Those are all perfectly fine, which means HDD's arent likely to be the problem here - if any of those had been in multi-word DMA or PIO mode, they would have been a very good cause for the problems you are having.

So far weve ruled out HDD's and CPU... i wonder whats left to check. Now that you have the dual core optimiser, can you give more in-detail reports of any problems you're having?


----------



## Niv (May 27, 2008)

well this is all the info that I can provide for now:

SYSTEM in the TaskManager's list does pop up everytime during the lag spiking some 10% more CPU usage. I furthermore noticed that, when the game is running ultra-fast (now normal speed thanks to the dual-core optimizer) the game uses 0~5% CPU. It is as if the game has be PRE-processed. I some how get the feeling that perhaps there is a mis-communication between my CPU, mother board and my video card.

I think what I would like to stress is that the games start most of the time ULTRA-fast. Games run at 2x~3x their supposed speed for 5~10secs then lags to some incredible degree (as if the computer processed too fast and then decided to do nothing), then goes back to the 2x~3x hyper-speed again (as if computer realized that it has forgotten about the game program and decided to pick up the work again) which of course will result in the lag again. This process repeats at a steady pace as if the computer times it.


----------



## Niv (May 27, 2008)

Also that when the game is lagging, the CPU of the game appears.

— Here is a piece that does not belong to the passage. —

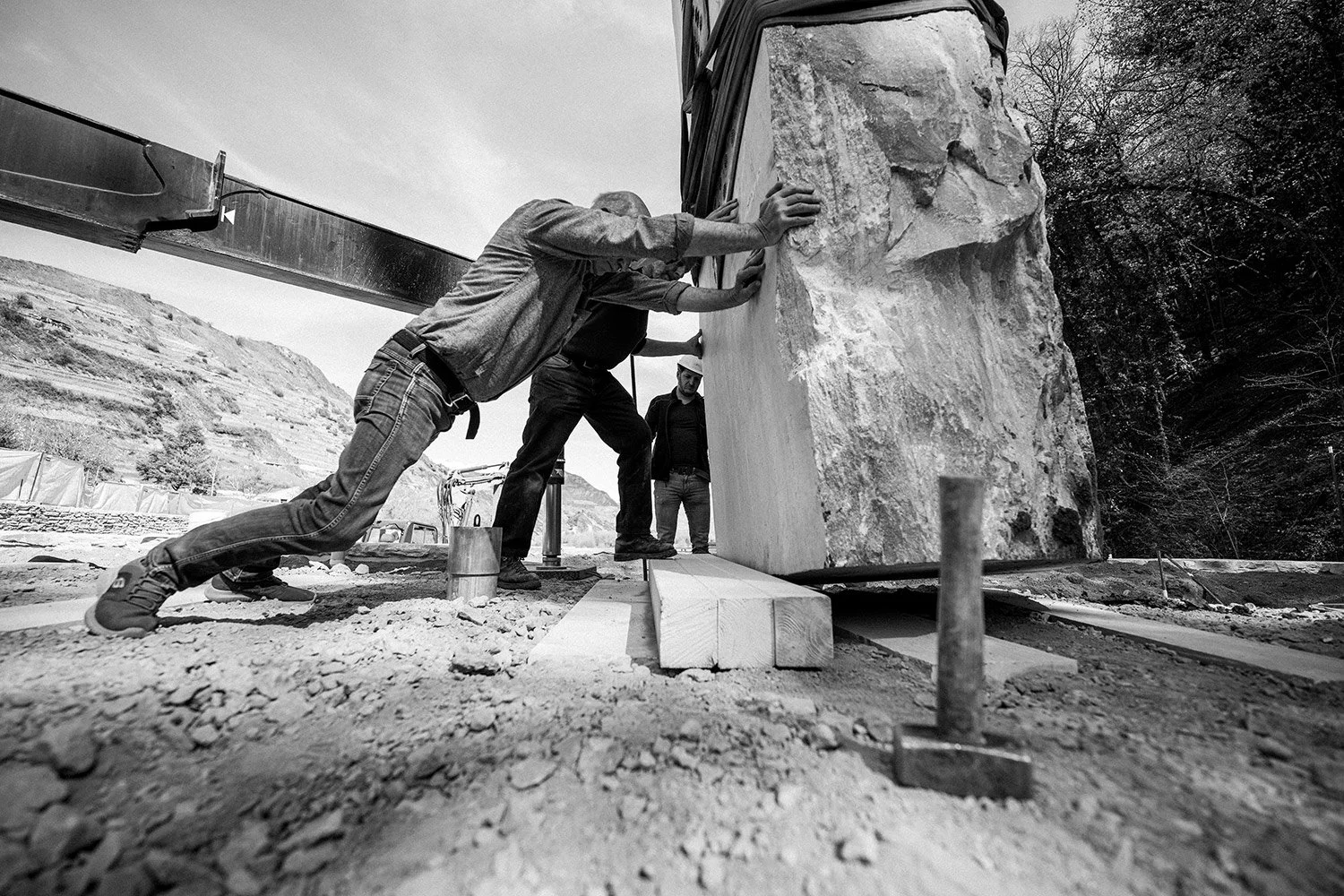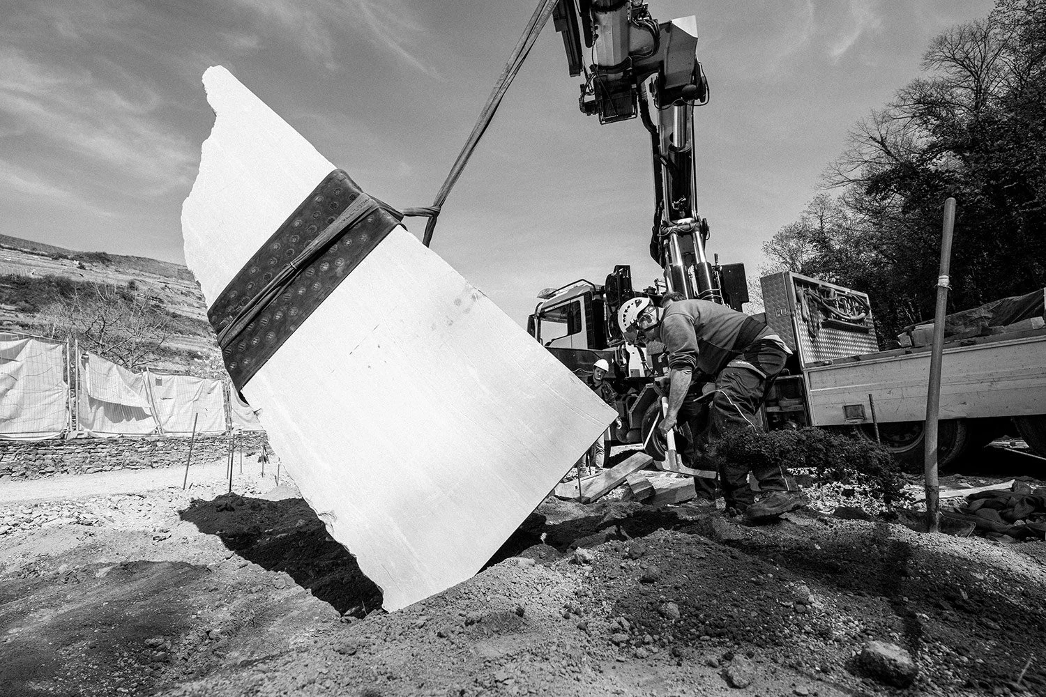 Le point d’orgue de la phase de chantier a été la mise en place de l’œuvre d’art, une opération de précision nécessitant le levage de deux blocs de pierre de 3 et 11 tonnes à l’aide d’un camion-grue.

When the game is hyper-speeding/smooth running, NO game CPU appears in the TaskManager.


----------



## Mussels (May 28, 2008)

To be honest, i'm stumped. It makes me think its a virus or other software issue, i'd suggest formatting to a more common/accesible OS like vista x64 (mostly so you can use your 4GB of ram)


----------



## Darren (May 28, 2008)

It's not a hardware issue it's software, either an application which you or your PC dealer has installed which is consuming an unnecessary amount of CPU resources and hence causing these spikes (possibly an anti-virus program in the middle of a scan?)

Download CPU-z it will give us a full run down of your systems specification and tell us your motherboard name/number and maybe we can help you find some motherboard chipset drivers.

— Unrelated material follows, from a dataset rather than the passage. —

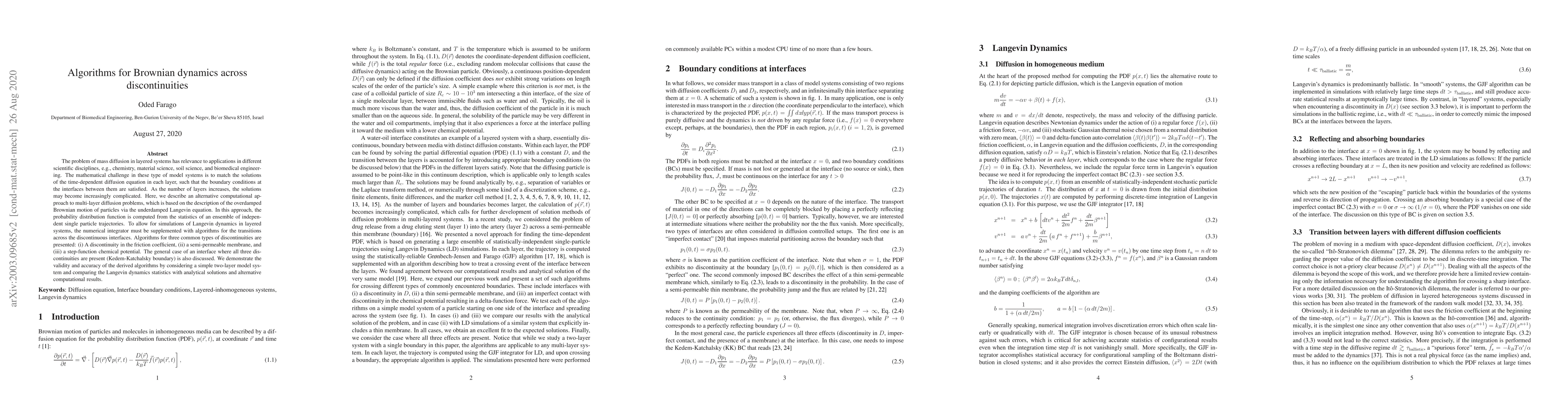 The problem of mass diffusion in layered systems has relevance to applications in different scientific disciplines, e.g., chemistry, material science, soil science, and biomedical engineering. The mathematical challenge in these type of model systems is to match the solutions of the time-dependent diffusion equation in each layer, such that the boundary conditions at the interfaces between them are satisfied. As the number of layers increases, the solutions may become increasingly complicated. Here, we describe an alternative computational approach to multi-layer diffusion problems, which is based on the description of the overdamped Brownian motion of particles via the underdamped Langevin equation. In this approach, the probability distribution function is computed from the statistics of an ensemble of independent single particle trajectories. To allow for simulations of Langevin dynamics in layered systems, the numerical integrator must be supplemented with algorithms for the transitions across the discontinuous interfaces. Algorithms for three common types of discontinuities are presented: (i) A discontinuity in the friction coefficient, (ii) a semi-permeable membrane, and (iii) a step-function chemical potential. The general case of an interface where all three discontinuities are present (Kedem-Katchalsky boundary) is also discussed. We demonstrate the validity and accuracy of the derived algorithms by considering a simple two-layer model system and comparing the Langevin dynamics statistics with analytical solutions and alternative computational results.
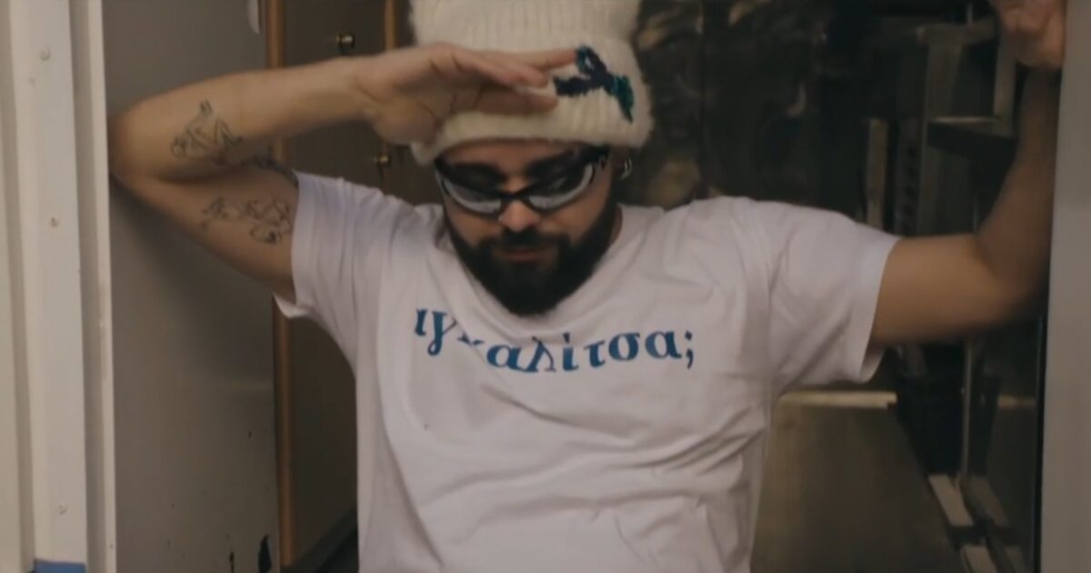 Ο εκπρόσωπος της Ελλάδας στη Eurovision 2026 διατήρησε τα μαύρα γυαλιά ηλίου και τον σκούφο, που φοράει στις εμφανίσεις για την προώθηση του κομματιού του «Ferto», ολοκληρώνοντας την εικόνα του με ένα λευκό T-shirt που έγραφε «αγκαλίτσα;».

Also download Nvidia's latest graphics card driver for the 8600 series-------> http://www.nvidia.com/object/winxp_175.16_whql.html




Niv said:


> Also that when the game is lagging, the CPU of the game appears. When the game is hyper-speeding/smooth running, NO game CPU appears in the TaskManager.

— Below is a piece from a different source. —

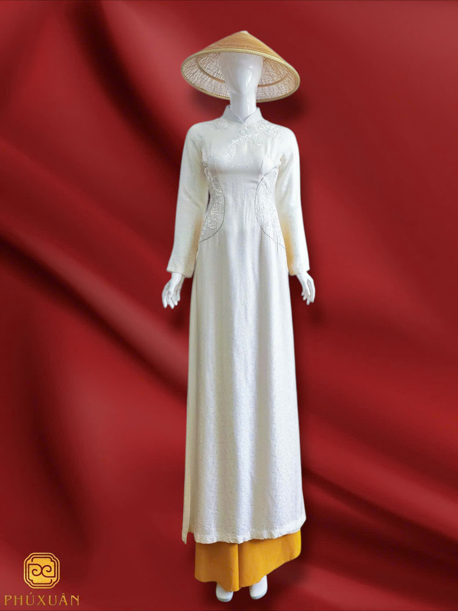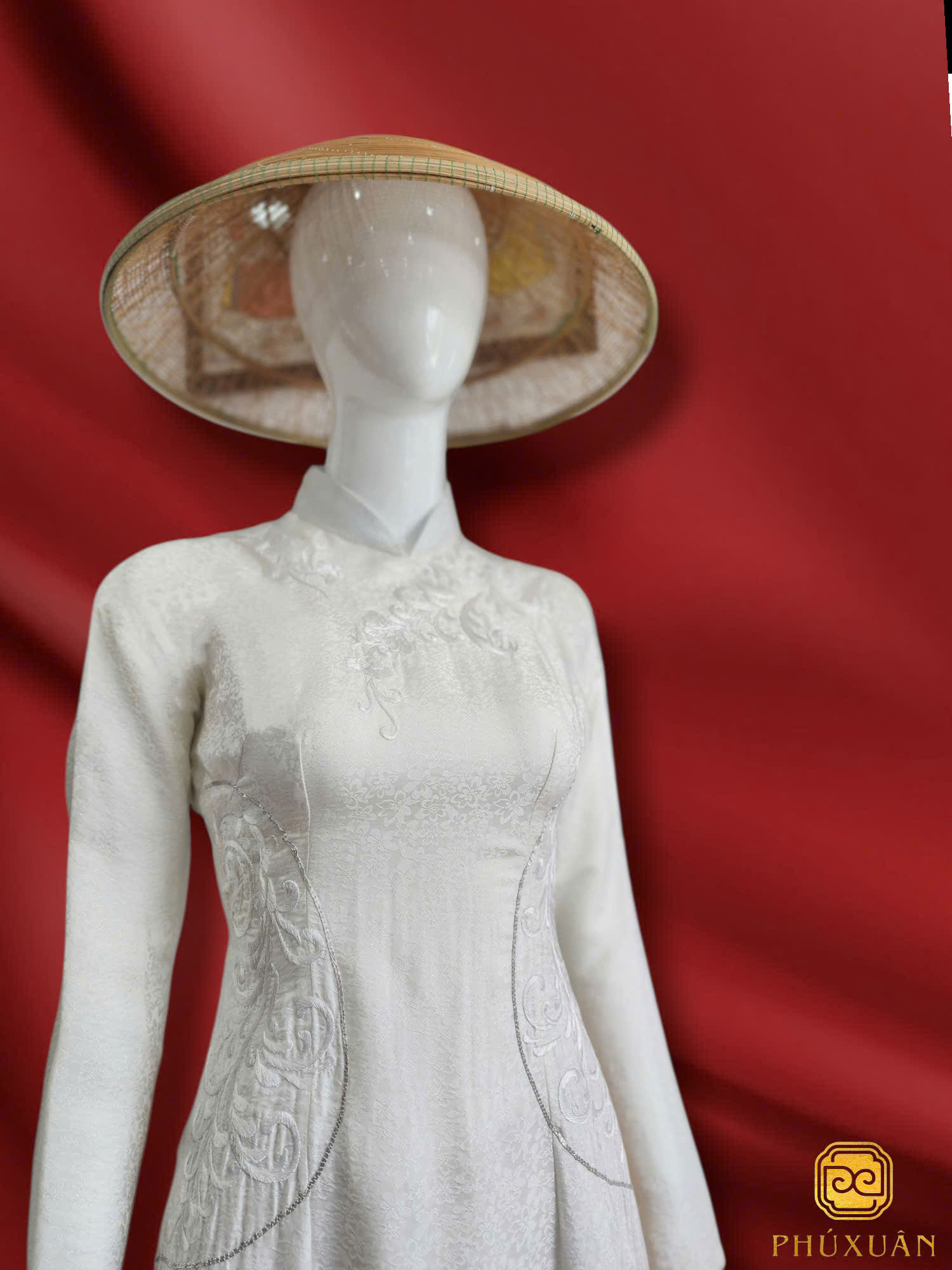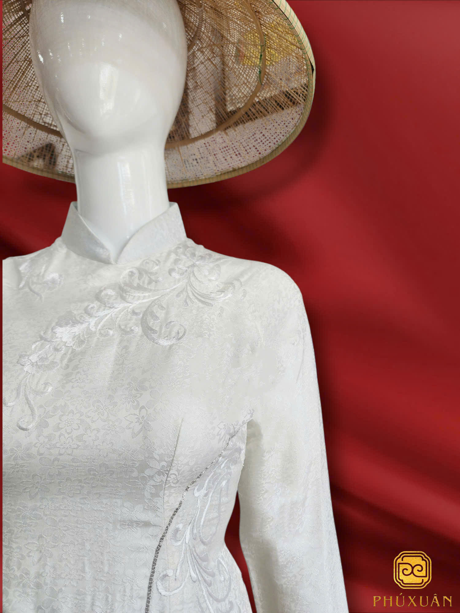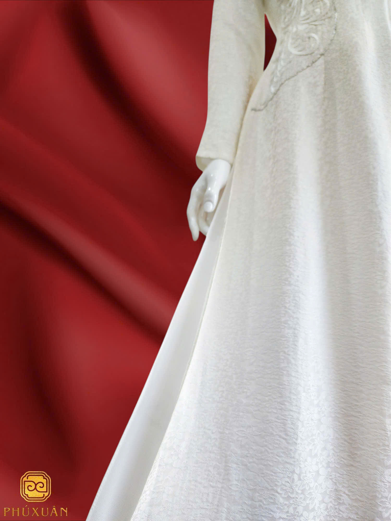 Áo dài trắng với họa tiết hoa trắng thêu tay tôn vinh vẻ đẹp tinh khôi, thanh lịch và đầy tinh tế. Sự đồng điệu giữa màu sắc và họa tiết giúp thiết kế trở nên hài hòa, nhẹ nhàng nhưng vẫn nổi bật. Đây là lựa chọn lý tưởng cho các dịp lễ trang trọng hoặc những khoảnh khắc bạn muốn ghi dấu nét duyên dáng riêng.

You keep saying "the game" what game exactly are you attempting to play and does this happen with every title you play. Because if this problem only occurs with one game and all your other games are fine maybe you should look for a game specific patch.



*Last resort *would be to format your hard disk drive and re-install window, if that fails contact your PC dealer. This is why I stay away from prebuilt PCs, they charge you upto 2x more, mess up the build and give you crappy technical support.


----------



## Mussels (May 28, 2008)

actually i should ask as this isnt in your specs - do you have G15 keyboard? i've heard of the LCD driver for them doing this kind of thing.


----------



## Niv (May 31, 2008)

Sorry for the long wait. Exams were closing in and I got too busy to experimet with my desktop. I've found 2 more things about the problems. This lag problem seems to also be occuring OUTSIDE of game playing; when I was surfing the internet looking for desktop backgrounds, the lag starts to occur. Perhaps his has to do with my video card? I also noticed that on my motherboard driver installation disc, it says "Nvidia Geforce7050PV/nForce 60a Chipset Support CD Rev.407.01", my video card is Nvidia e-GeForce8200 GT" perhaps my video card is too much for my mother board to handle?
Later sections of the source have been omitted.